In looking back to this big day in the club's history it seems only right and proper that the names of the club's officials on and off the field should be recorded. President Mr. H.R. Sanderson, secretary R.W. Bolton, treasurer R.S. Jones, fixture secretary D.A. Rix, team secretary P. Harmsworth, auditor J. Portergill, captain 1st XV F.R. Briggs, vice-captain J. Court, captain "A' XV S.A. Miller, vice-captain K.L. Gregory. Committee K.H. Bolton, E. Owens-Claydon, M. Cox, L.M. Gage, R. Gillett, D.S. Harris, J. Russ, J. Thurgate. Official opening committee, S.A. Miller, R. Bolton, R. Briggs and R.S. Jones.

Champagne was drunk on that opening day and, on the field, a Banbury XV defeated the county president's XV by 8 points to 6 points.

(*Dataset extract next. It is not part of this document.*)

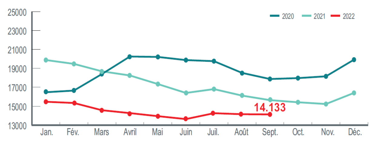The number of resident job seekers receiving full unemployment benefit fell by 820 people or 10.5% over one year, to 6,999. The number of beneficiaries of a measure stood at 4,133 and is below the level observed in September 2021 (-346 people, or 7.7%).
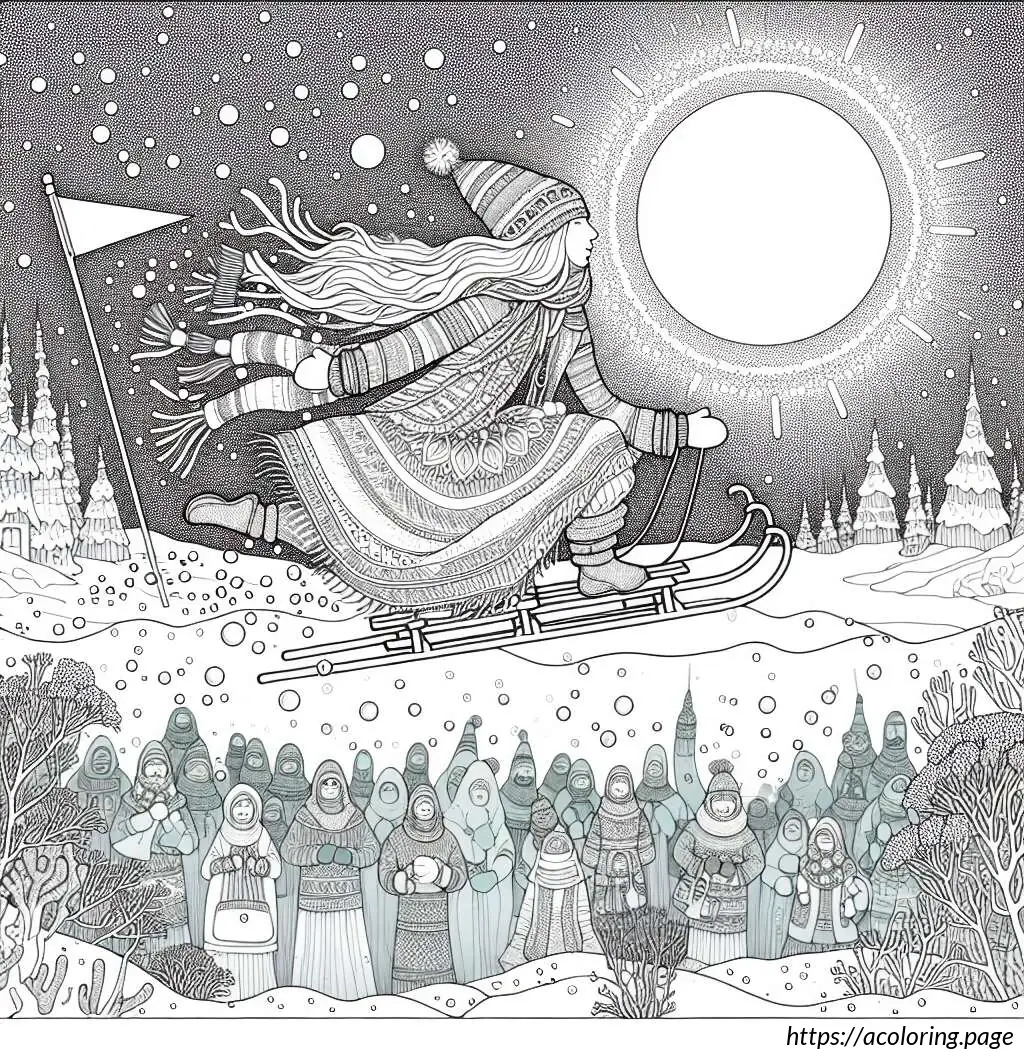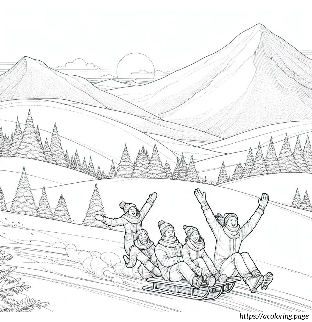 Overall, the scene captures a joyful moment of winter recreation, emphasizing motion and fun outdoor interaction.

Dr. Stobie had mentioned fund raising events by the club when opening the pavilion. In those days there was little local entertainment on August Bank Holidays. The club decided to capitalise on this and to stage some mammoth fetes. The first was held in 1955. The first raised a modest £200. For the second it was estimated that 5,000 had passed the turnstiles by 4 p.m. At 4.20, however, the skies opened and seventy-five per cent of the great crowd sorrowfully went home with money still in their pockets. However, £500 resulted and this encouraged further efforts on an ever more magnificent scale. A scheme was devised to donate a proportion of the fete profits to local charities. The total given away exceeded four figures.

Tribute should be paid to the ladies tea committee which backed up the club's efforts at this time. For the first eight years from the opening of the new ground Mrs. Pat Herrington was chairman. When she retired she was presented with a brooch by the club and another who received a gift for outstanding work was Mrs. Pat Fox. The names of their helpers are too numerous to record. Not only have the committees in their time catered for as many as 120 hot meals on a Saturday afternoon but for teas for 10,000 at the fetes, cutting vast quantities of sandwiches beforehand and storing them in deep freeze for the day.

The successful fete of 1956 was preceded by a canoe row from Oxford to Banbury by club members in answer to a challenge by Alderman Don Braggins. This first effort in publicity was followed by a series of "rags' drawing attention to the fete days.